++++ SUPPLIED MATERIAL ++++

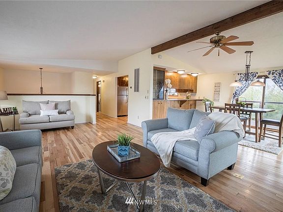 Enjoy the water and mountain views from this spacious home in the heart of Manette! There are 3 bedrooms, an extra room for office, den, sewing, game room? 1 full bath, 2 -3/4 baths, beautiful Hickory floors and 2 decks to sit and watch the views from. Situated on a large 0.23 acre lot with fruit trees, berries, mature landscaping and it's fully fenced. With over 700 square feet of heated shop space there is extra room to expand. 1.5 blocks to the city park and senior center. At the end of a dead end street, so no through traffic. Walking distance to downtown Manette, Bremerton and the ship yard. On city bus lines. This home still has lots of ways to update it to make it your own.
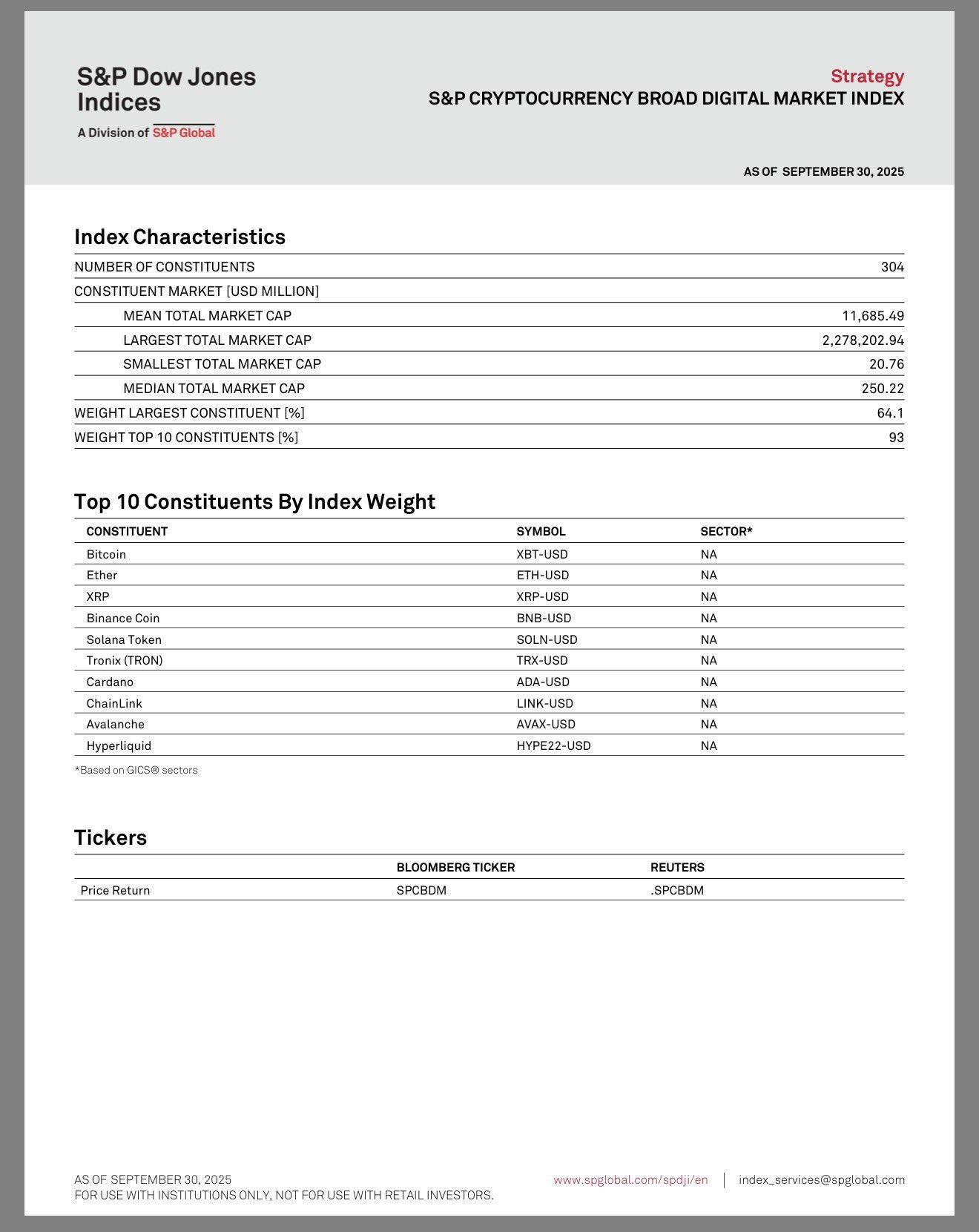 The S&P Digital Markets 50 tracks the top 50 digital assets like a Nasdaq-for-crypto benchmark.
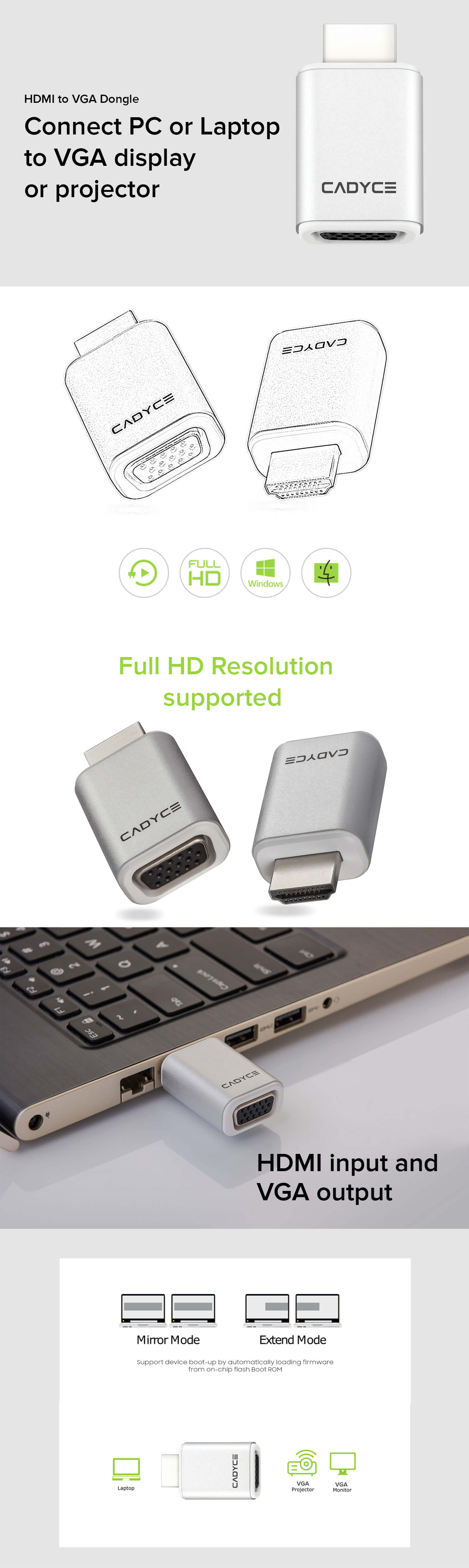 Cadyce HDMI to VGA Dongle, connects your HDMI source such as PC or Laptop to a VGA display or projector.
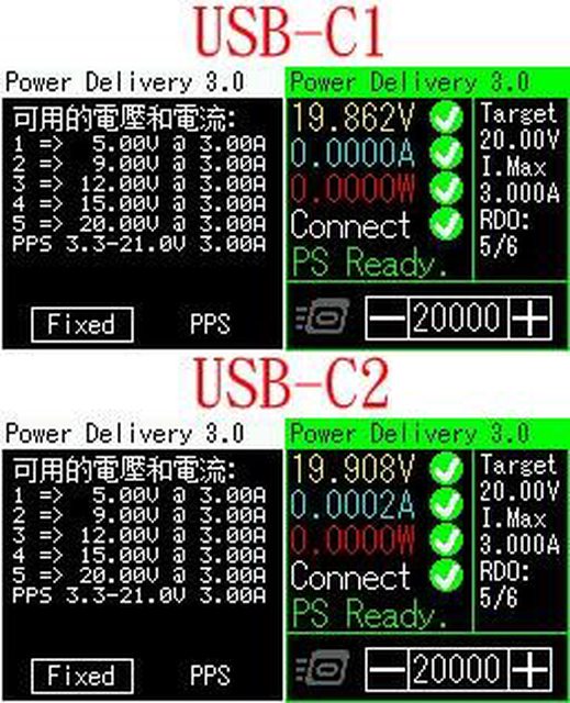 20V/5A,PPS檔雖然表列3.3V-21V/3A,不過最高輸出電壓只能升到19.7V(C1)/19.9V(C2)

++++

_WHAT YOU NEED TO DO_
Leaving pictures out, output the lines of the data above from the one with "The S&P Digital" through the one with "Cadyce HDMI to", word for word.

_RESPONSE_
 The S&P Digital Markets 50 tracks the top 50 digital assets like a Nasdaq-for-crypto benchmark.
 Cadyce HDMI to VGA Dongle, connects your HDMI source such as PC or Laptop to a VGA display or projector.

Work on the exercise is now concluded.